Out From Last Year: Hunter Hayes, Danielle Bradbery, The Cadillac Three, Lady Antebellum, The Band Perry (disqualified), Michael Ray, Justin Moore, Easton Corbin, Darius Rucker, Billy Currington

First Four Out: Justin Moore, Michael Ray, Clare Dunn, Drew Baldridge

Next Four Out: David Nail, Cassadee Pope, Eli Young Band, Gary Allan

Notes:

  • The top two seeds are the only ones that remain the same, despite Thomas Rhett making a great case to be #1. The only reason I barely give Hunt the top spot still is because he’s the reigning champion, currently has a bad single at radio and still the most hated amongst you the readers.
  • Cole Swindell and Old Dominion have now moved into the top four seeds, replacing Luke Bryan and Florida Georgia Line respectively. Swindell knocked off Bryan in the tournament and has released two bad singles this year, along with a bad album. Old Dominion’s “Snapback” is one of the worst songs of the year. Bryan just released his first not completely terrible single in a good while and the hate has seemed to fade a little for him as a result. Florida Georgia Line released the mediocre “H.O.L.Y.” Their new album is expected in August and if it’s terrible, then they could re-take Old Dominion.
  • Kane Brown and Chase Rice both move up in the standings after really strong showings in the tournament.

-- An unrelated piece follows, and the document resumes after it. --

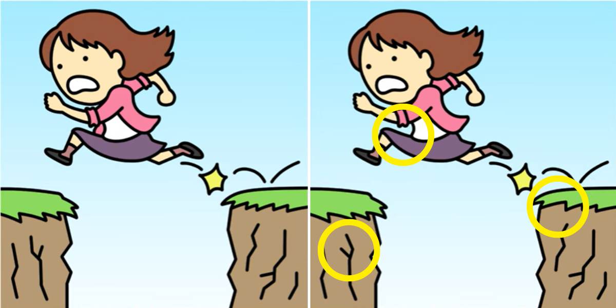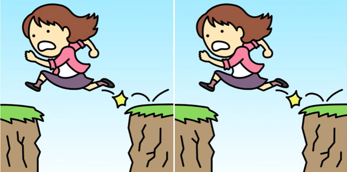The image above depicts two identical pictures where you see a woman. The woman is jumping off one cliff to another. Although the images are identical, there are 3 differences between them. Can you find them in 12 seconds?

Brown has released two terrible singles and an EP this year, while Rice has released two bad singles himself. You told me Rice was underseeded in the tournament, so here you go.
  • There are multiple new artists that enter the standings, but none higher than Keith Urban. He didn’t even make the tournament, but now he’s a #9 seed after releasing one of the worst country albums of 2016 with Ripcord. And if he releases the Pitbull song off the album to country radio, he could rise higher.
  • LoCash is under-the-radar bad, but they still crack the top ten with releasing yet another horrible single. Dustin Lynch moves up since he’s made it clear he has no interest in being a country artist or releasing quality music. Blake Shelton was upset in the first round by Justin Moore in the tournament thanks to Shelton’s obnoxious fans voting in droves. So he moves up in the seedings, aided by his mediocre singles and album.
  • Granger Smith’s big jump might surprise many of you, as he’s easy to forget. But keep in mind he’s had two bad singles recently and a terrible album in Remington released earlier this year. Kelsea Ballerini is reluctantly dropped in the standings, with “Peter Pan” not being terrible.
  • Brett Eldredge and Randy Houser enter the fold. Eldredge releases nothing but vanilla singles, while Houser released a ridiculous 18 songs long album earlier this year. Not to mention both artists seem checked out and content to churn out mediocrity.
  • Chris Lane moves up based off hate for one song that made many of you vote him deeper than I expected in the tournament. I still feel once “Fix” has had its 15 minutes, Lane will disappear. Jake Owen debuts since he seems content to churn out generic pop country. Jason Aldean takes a big drop down to #20 because he’s released one mediocre single this year and didn’t fare that well in the tournament. With a new album later in the year though, this could definitely change.
  • Both Canaan Smith and Chase Bryan debut right around where they should stall on the airplay chart after being on it for 55 weeks. RaeLynn only drops because she hasn’t released anything new this year, although I hear her new single is not bad. Dan + Shay drop despite releasing a bad album. The lead single is decent though and their peers have released worse music.
  • The biggest tumble is Brantley Gilbert, who hasn’t really done much in 2016. The only single was not outright terrible and you the readers made it clear I overseeded him in the tournament. So he drops like a rock. Jana Kramer enters the standings since she’s decided to go back to releasing terrible singles, while Joe Nichols enters because he’s clearly stopped trying with his music.
  • Kenny Chesney falls, but his new album coming soon could change this. Dierks Bentley unfortunately has done enough in 2016 to get himself into the top 32. Two horrendous singles and a sub par album are hard to ignore and it sucks to see him fall this damn low in quality. Rounding out the top 32, Tyler Farr just barely hangs in thanks to the bombing of his latest single. Steven Tyler moves up a spot by virtue of releasing one of the worst songs this year, but since it didn’t make any impact the gain is minimal. There’s always his upcoming album that could help his case. Finally, Tucker Beathard gains the last spot based on having the worst vocal performance I’ve heard in a song this year. He probably won’t last though, as “Rock On” will go recurrent soon after a mediocre run on the charts.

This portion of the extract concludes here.